WORK REQUEST: An exact, complete printout of the listing is wanted, minus its images.

-- THE DATA follows --

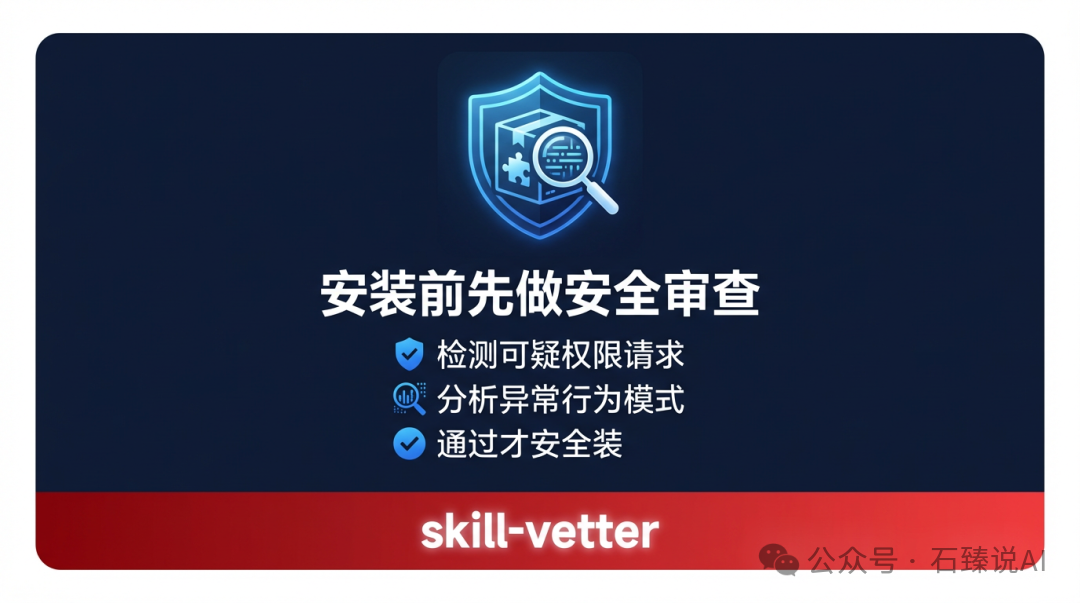 装陌生 SKILL 之前,先让它帮你过一遍——检查有没有可疑权限、异常行为、潜在安全风险。不知道来路的插件别直接装,先审再说。
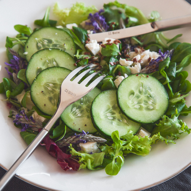 Salad/vegetable fork Avantgarde made of high quality chrome nickel steel 18/10 with 7 mm material thickness. The fork handle is sandblasted. The salad/vegetable fork is suitable for industrial dishwashers. The Avantgarde product line was created by designer James Kawada and won several international awards.
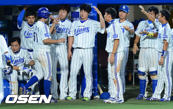 23일 오후 대구구장에서 열린 '2013 한국야쿠르트 세븐 프로야구' 삼성 라이온즈와 한화 이글스의 경기, 8회말 무사 3루 삼성 강봉규의 희생플라이때 3루 주자 정형식이 홈을 밟은 뒤 동료들의 축하를 받고 있다
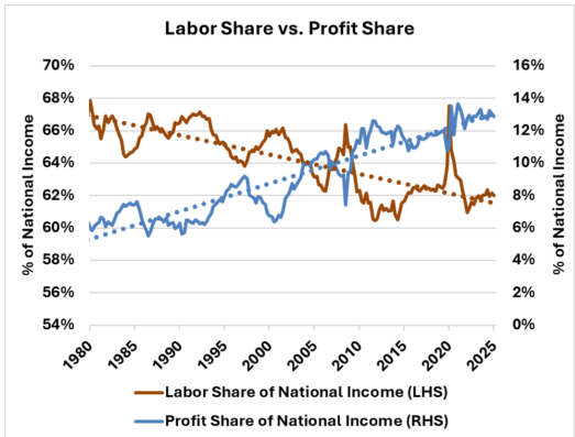 5. Growing inequality as a consequence. Because the profit share of GDP grew, the labor share necessarily shrank. Even as social transfers soared by 10% as a percentage of GDP, the labor share of national income entered a prolonged decline, falling from near 68% in the early 1980s to 62% by the mid 2020s. And because the rising profits accrue mostly to wealthy households, who don’t spend much in the real economy, this further fuels the cycle of recycling profits into financial assets.

-- THE DATA concluded --

SOLUTION FOR THIS TASK:
 装陌生 SKILL 之前,先让它帮你过一遍——检查有没有可疑权限、异常行为、潜在安全风险。不知道来路的插件别直接装,先审再说。
 Salad/vegetable fork Avantgarde made of high quality chrome nickel steel 18/10 with 7 mm material thickness. The fork handle is sandblasted. The salad/vegetable fork is suitable for industrial dishwashers. The Avantgarde product line was created by designer James Kawada and won several international awards.
 23일 오후 대구구장에서 열린 '2013 한국야쿠르트 세븐 프로야구' 삼성 라이온즈와 한화 이글스의 경기, 8회말 무사 3루 삼성 강봉규의 희생플라이때 3루 주자 정형식이 홈을 밟은 뒤 동료들의 축하를 받고 있다
 5. Growing inequality as a consequence. Because the profit share of GDP grew, the labor share necessarily shrank. Even as social transfers soared by 10% as a percentage of GDP, the labor share of national income entered a prolonged decline, falling from near 68% in the early 1980s to 62% by the mid 2020s. And because the rising profits accrue mostly to wealthy households, who don’t spend much in the real economy, this further fuels the cycle of recycling profits into financial assets.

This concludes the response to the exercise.